> [RAW DATA]:
----------

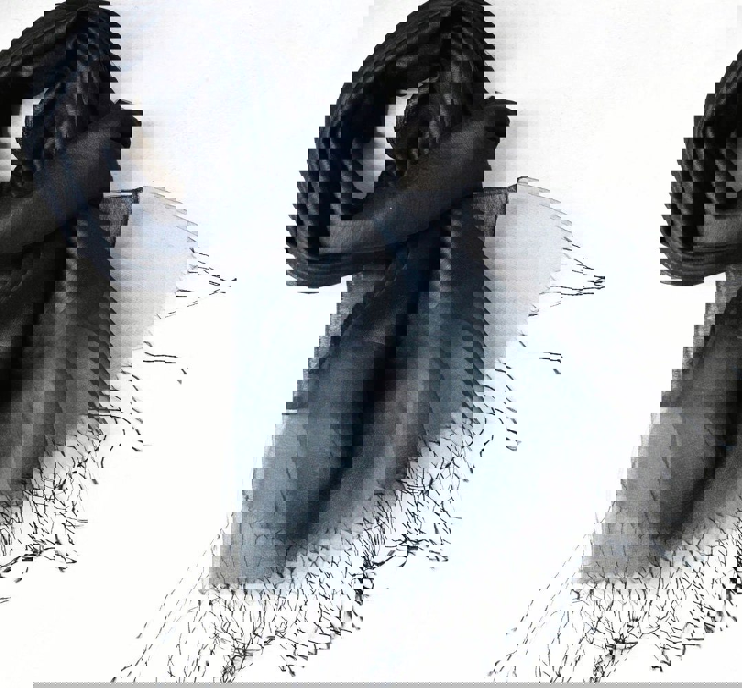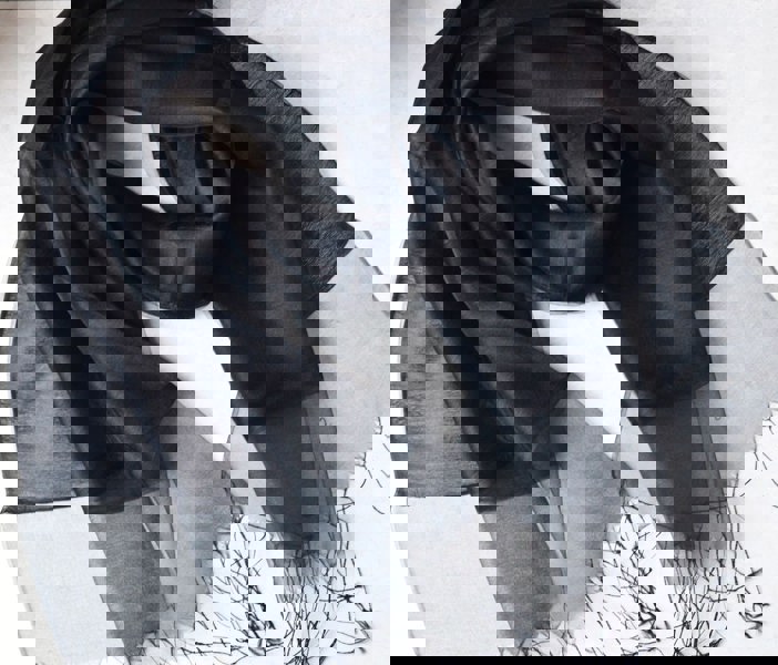 A beautifully feminine, black, double layered silk/viscose tasselled scarf.
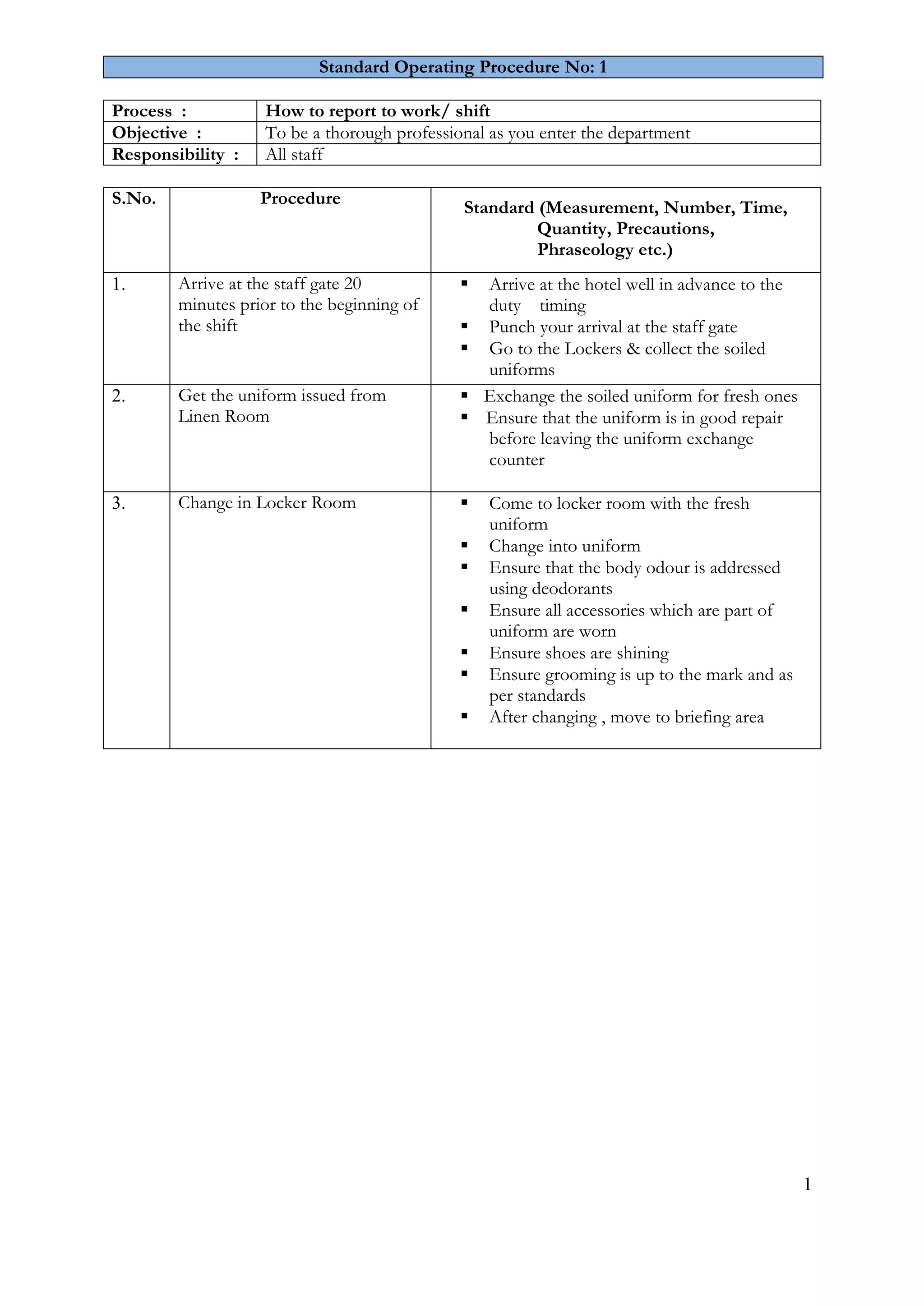 2. Procedures include arriving 20 minutes before shifts, exchanging uniforms, attending briefings, completing opening/closing duties, welcoming all guests with warmth and assistance, and giving priority recognition to repeat guests.
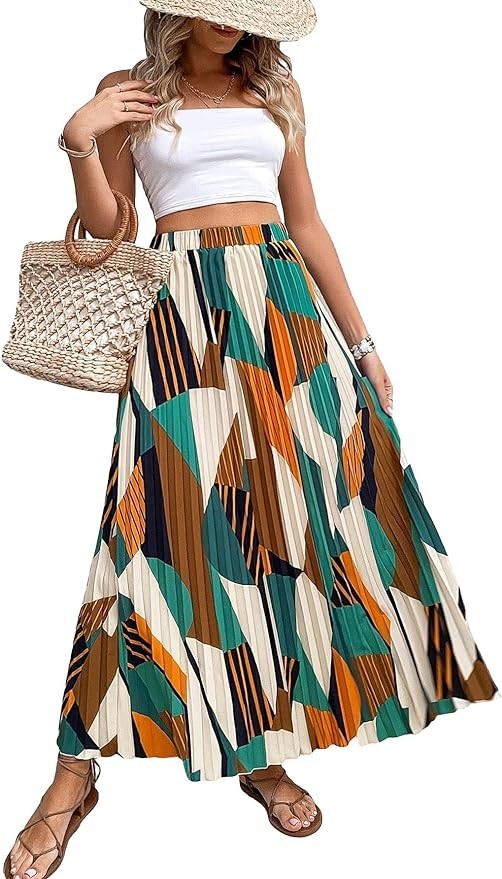 • Design: Geo print, elastic wasit, pleated skirt, maxi skirt, boho style

----------

Every picture stays out; reproduce exactly the lines from the one with "2. Procedures include" through the last line of the data above.

> [SOLUTION]:
 2. Procedures include arriving 20 minutes before shifts, exchanging uniforms, attending briefings, completing opening/closing duties, welcoming all guests with warmth and assistance, and giving priority recognition to repeat guests.
 • Design: Geo print, elastic wasit, pleated skirt, maxi skirt, boho style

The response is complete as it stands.